First, I want to say that just because I was sexually harassed along the route doesn’t mean you should not hike the GET alone. There are always inherent risks while hiking alone, sexual harassment is one of them. I’ve been sexually harassed on the Pacific Crest Trail too. Women are sexually harassed everywhere, it’s something we live with -day to day for some. But this doesn’t mean we can’t do something about it, so Brett is looking into changing the route away from the farm.
Ladies, don’t be afraid to hike alone! Carry pepper spray if it makes you feel better. But most likely you’ll never use it because most people are good. Ranchers, ATVers, hunters, cowboys, store owners, miners, and weekend warriors have taken care of me.

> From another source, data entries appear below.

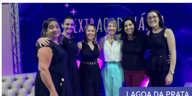
LAGOA DA PRATA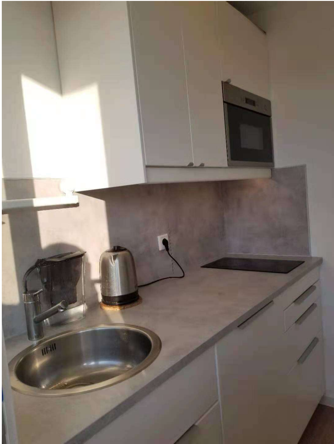
自来水过滤壶，电热水壶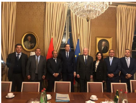
Autour de M. Olivier Becht (au centre), M. Christian Cambon et la délégation.

La visite de la délégation de la Chambre des Conseillers étant concomitante du déplacement au Maroc de la ministre de l'Europe et des Affaires étrangères, Mme Catherine Colonna, un entretien a été organisé au Quai d'Orsay avec M. Olivier Becht, ministre délégué chargé du commerce extérieur, de l'attractivité et des Français de l'étranger.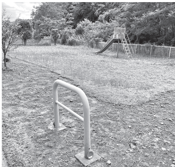
宅地開発によって設置された公園 将来、管理体制が問題となることも

教育委員会事務局 長 食料費が高騰しても、食料の品質を保ち保護者負担を増加させないため、国の臨時交付金などを活用し、円滑に安全な給食を提供できるよう、現在検討している。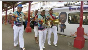
Central do Brasil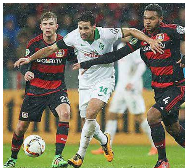
Con la victoria de visita, el Bremen avanzó a las semifinales de la Copa Alemana.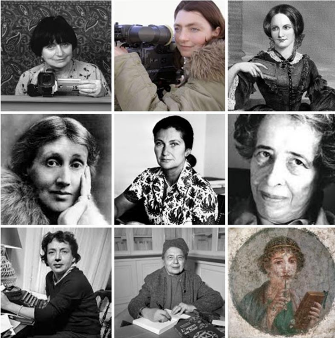
Agnès Varda, Solveig Anspach, Emily Brontë Virginia Woolf, Simone Weil, Hannah Arendt Marguerite Duras, Simone de Beauvoir, Jeune femme, Naples

Agrégation externe de géographie 2024-2025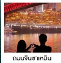
ถนนจินซาเหมิน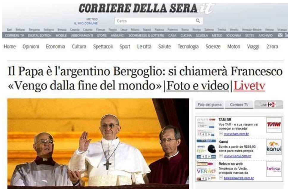
Figura 10 - Página inicial do jornal italiano Corriere della Sera

Legenda do portal G1 – Jornal italiano "Corriere della Sera" destaca primeiro Para de fora da Europa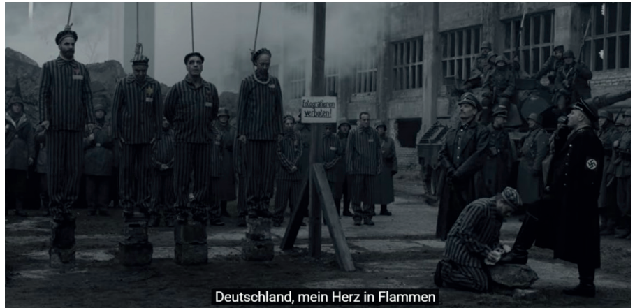
Bild 2: Screenshot aus dem Musikvideo der Gruppe Rammstein "Deutschland"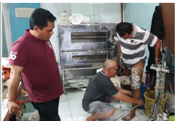
Gambar 4. Pengukuran data antropometri responden

Ray Tavizon, deputy sheriff of Grant County invited me to his fire when it was snowing. Jeanette from the Winston general store gave me pepper spray, a miner paid for my meal, a truck driver gave me half of his sandwich, some folks in Monticello Box Canyon gave me apples and hard boiled eggs!
I have a lot to pay forward after this hike!
For the most part people will be intrigued and inspired by you, and they will open their hearts. Over time you’ll be able to pick out the opportunists. The more I travel alone, the better my “street smarts.”
On that note, hiking solo is a rich experience. While I enjoy reflecting with others, hiking and talking at the same time stresses me out. I need to be focused on my surroundings to get the full effect of walking in the wilderness. That’s why we’re out here yeah?
Especially on a route like this; a route with obscure junctions, no trail or overgrown trail, no GET blazes… I constantly scan the landscape for route indicators-drainages, washes, saddles, clearings through trees, canyons, stock paths, footprints, cairns, saw cut tree blazes, animal poop (indicating water), and sometimes blue flagging tape Brett has tied to something. (When I’m exhausted, I hallucinate blue flagging tape)
I often walk with my maps and compass in hand and refer to them compulsively. I’ve been using that logical part of my brain, Hey! still got it baby!
This hike has given me perspective, that there is way more to long distance hiking than following a well-defined path.